Asentí con la cabeza.

—Estuvimos trabajando en la misma agencia de publicidad.

Se quedó otra vez desconcertado.

—Creo que entonces no hacía eso —decidió—. Trabajaba en algún periódico, y antes de eso, su mujer y él llevaban un local en el norte del estado, igual que el mío. Sin museo, por supuesto. Sí que me parece que podría llamarse George Chester, ya que estamos. Tuve que meter su coche en el garaje una o dos veces que había bebido más de la cuenta. Pero poco a poco fue dejando de venir. No creo que haya estado por aquí más de dos veces en los últimos tres o cuatro meses. Pero puede aparecer en cualquier momento, eso nunca se puede decir. Un tipo muy inteligente.

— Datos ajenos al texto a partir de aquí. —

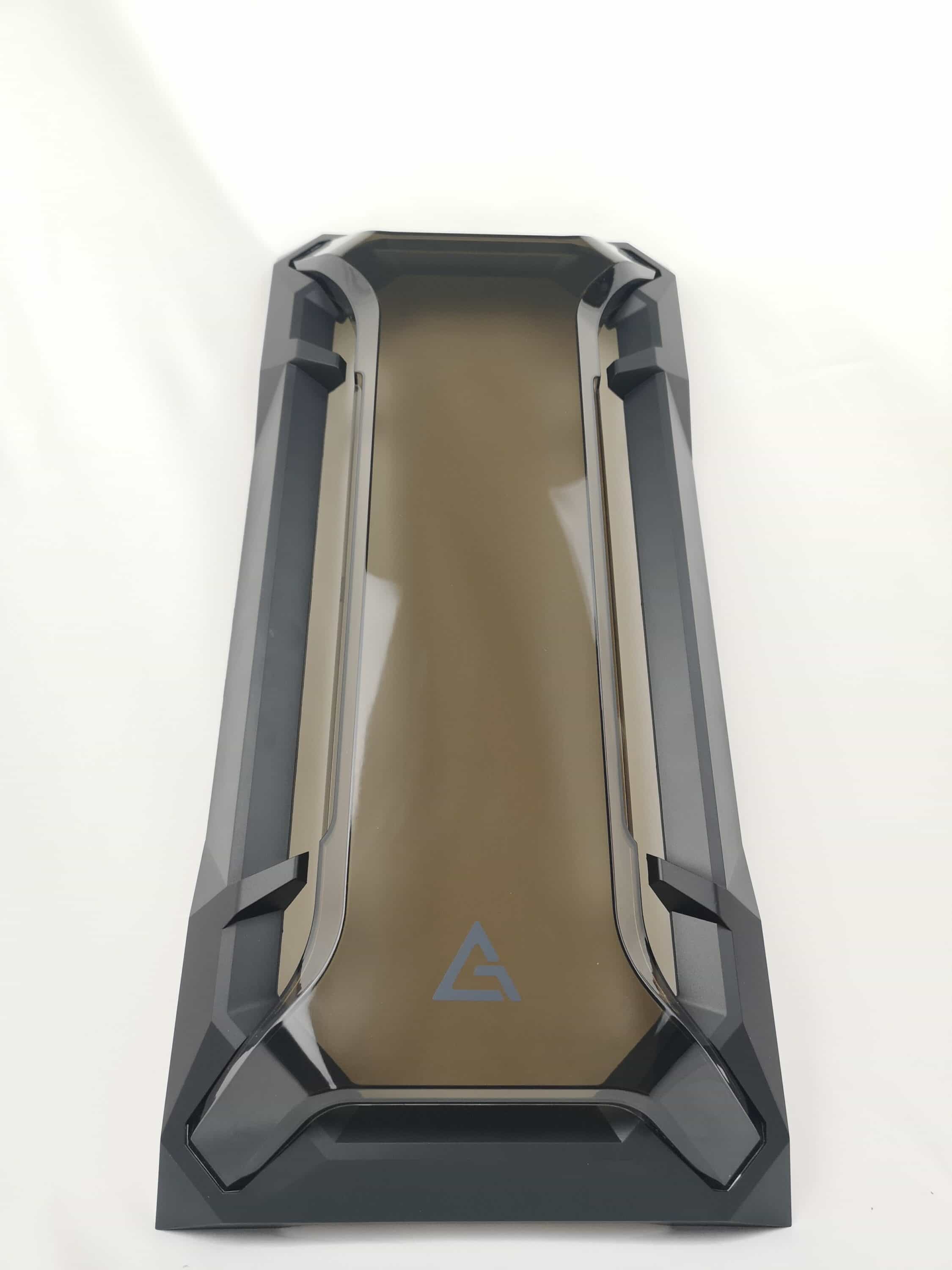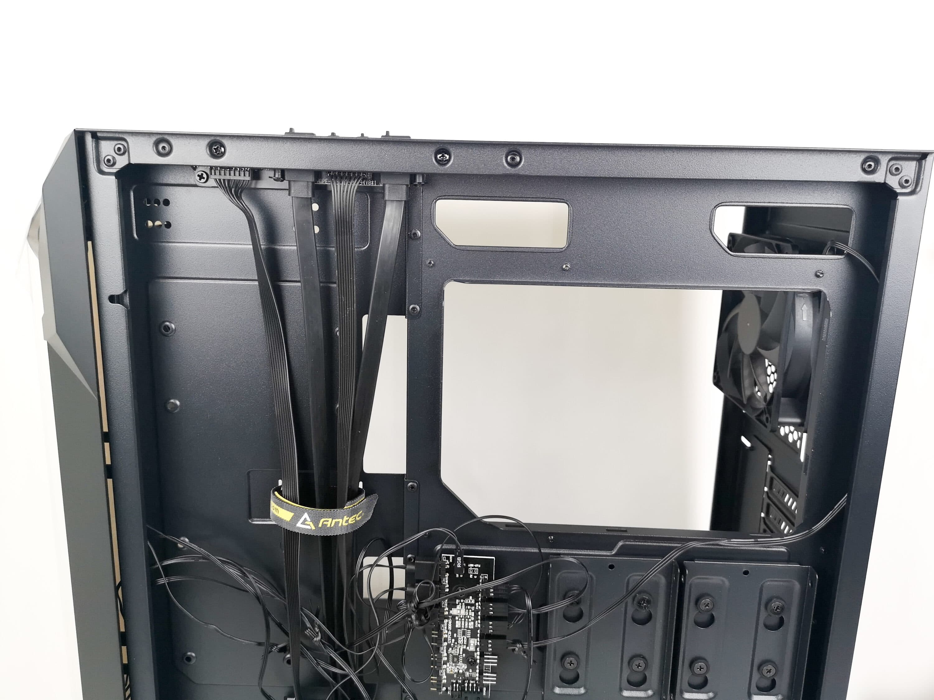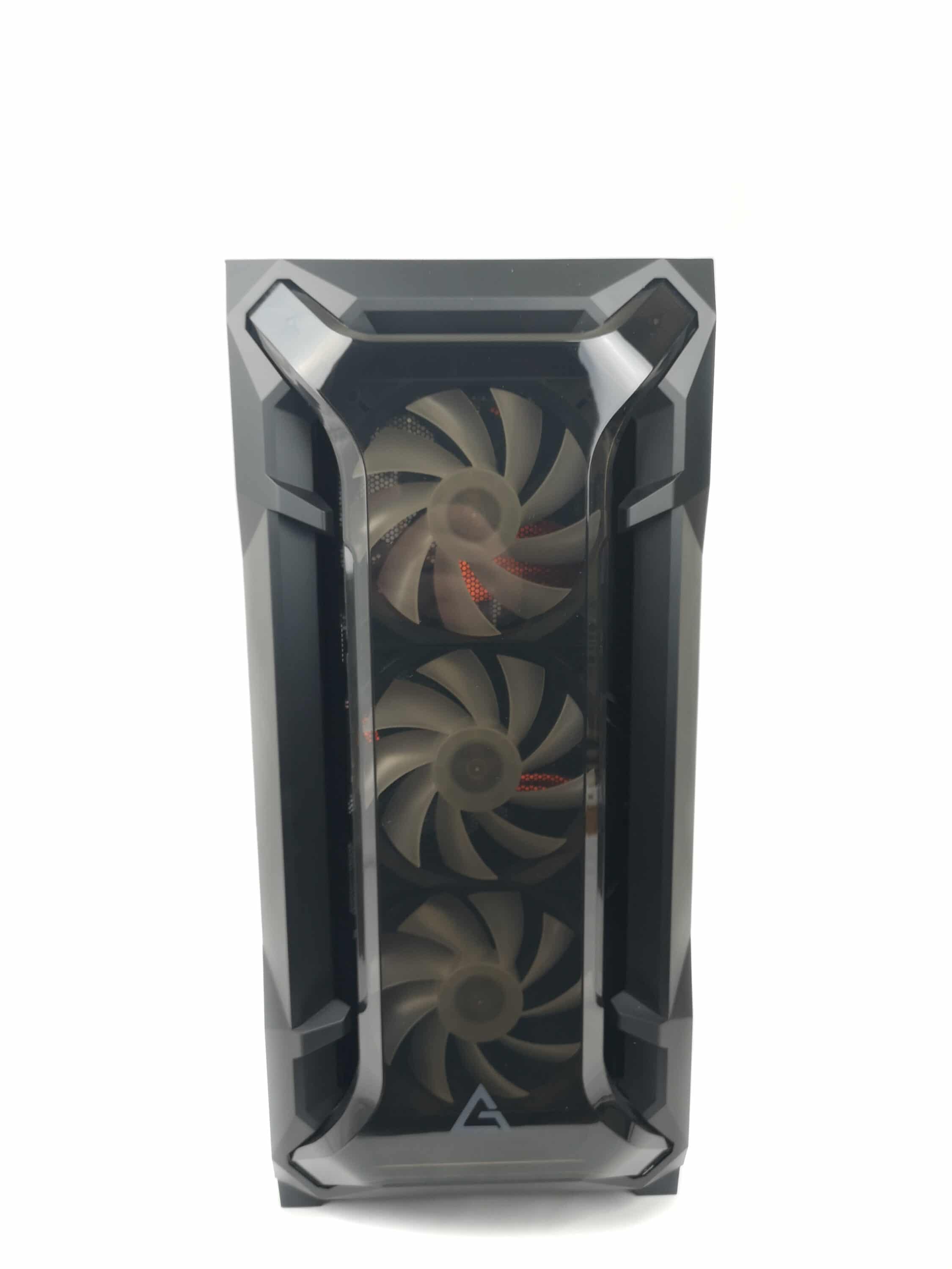 Betrachtet man die Front, stechen einem sofort die drei vorinstallierten RGB-Lüfter ins Auge. Diese werden verdeckt von einer transparenten, nennen wir es mal „Plastikbrücke“. Im unteren Bereich des transparenten Kunststoffs wurde das Antec-Logo platziert. Die frische Luft wird durch die Schlitze, zwischen schwarzem und transparentem Kunststoff, hindurch gesogen und gelangt anschließend ins Innere. Auf einen Staubfilter vor den Lüftern wurde verzichtet, was der Optik der Front zugute kommt. Das gesamte Frontpanel lässt sich durch einfaches abziehen nach vorne entfernen und man bekommt vollen Zugriff auf die Lüfter. Platz bietet die Front übrigens für bis zu drei 140-mm-Lüfter.
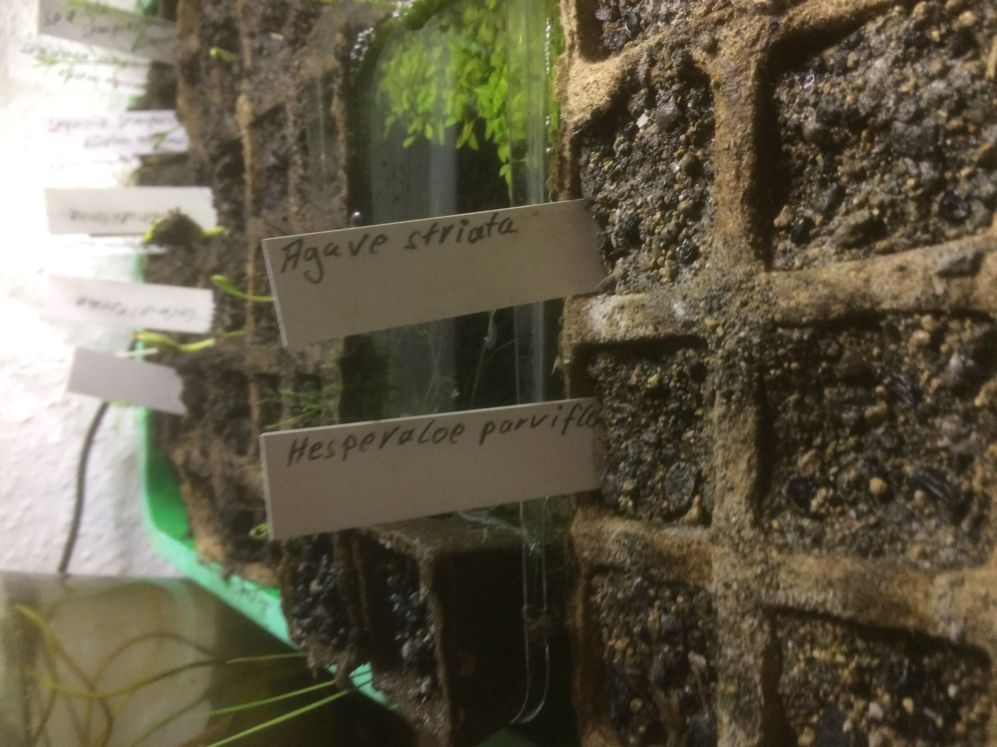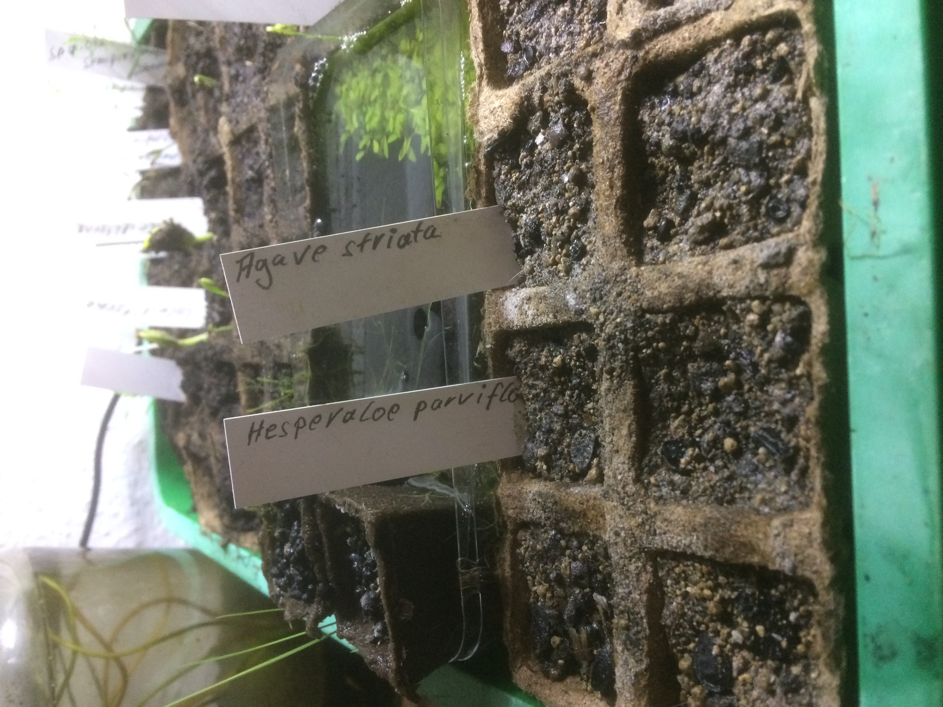 Hier sind mal meine Doktorchen … bei den Ulmen und Opuntien bin ich mir nicht sicher, ob ich was gesehen habe, bei der Hesperaloe sehe ich nichts, was nur im Entferntesten wie "Keimung" aussieht. Immer wieder spannend

De esos que llaman excéntricos.

—Tal vez pueda llegar hasta él a través de la rubia.

—Tal vez.

—¿Quién es, la conoce?

Esta vez toda su cara se quedó sin expresión.

—Ni idea, caballero.

Se fue al principio de la barra para servir a unos clientes que acababan de entrar y yo abrí mi
The Creative Review
. Había una reevaluación de Henry James muy prometedora que tendría que leer, aunque conocía las carencias inevitables de quien lo había escrito. También tenía muy buena pinta un largo artículo sobre danzas rituales tibetanas.

Me acabé la cerveza y fui a la cabina de teléfono. Llamé al despacho y pregunté por Stroud, pero en lugar de eso se puso Cordette.

—¿Dónde está Stroud? —pregunté.

—Ha salido. ¿Quién llama?

—Ed Orlin. Estoy en el Gil’s Tavern.

—Encontraste el sitio, ¿no es eso? ¿Es el bueno?

—Es el bueno, sin la menor duda. Y menudo antro.

—¿Has sacado algo?

—Nuestro hombre estuvo aquí el sábado pasado, eso es seguro, y con la rubia.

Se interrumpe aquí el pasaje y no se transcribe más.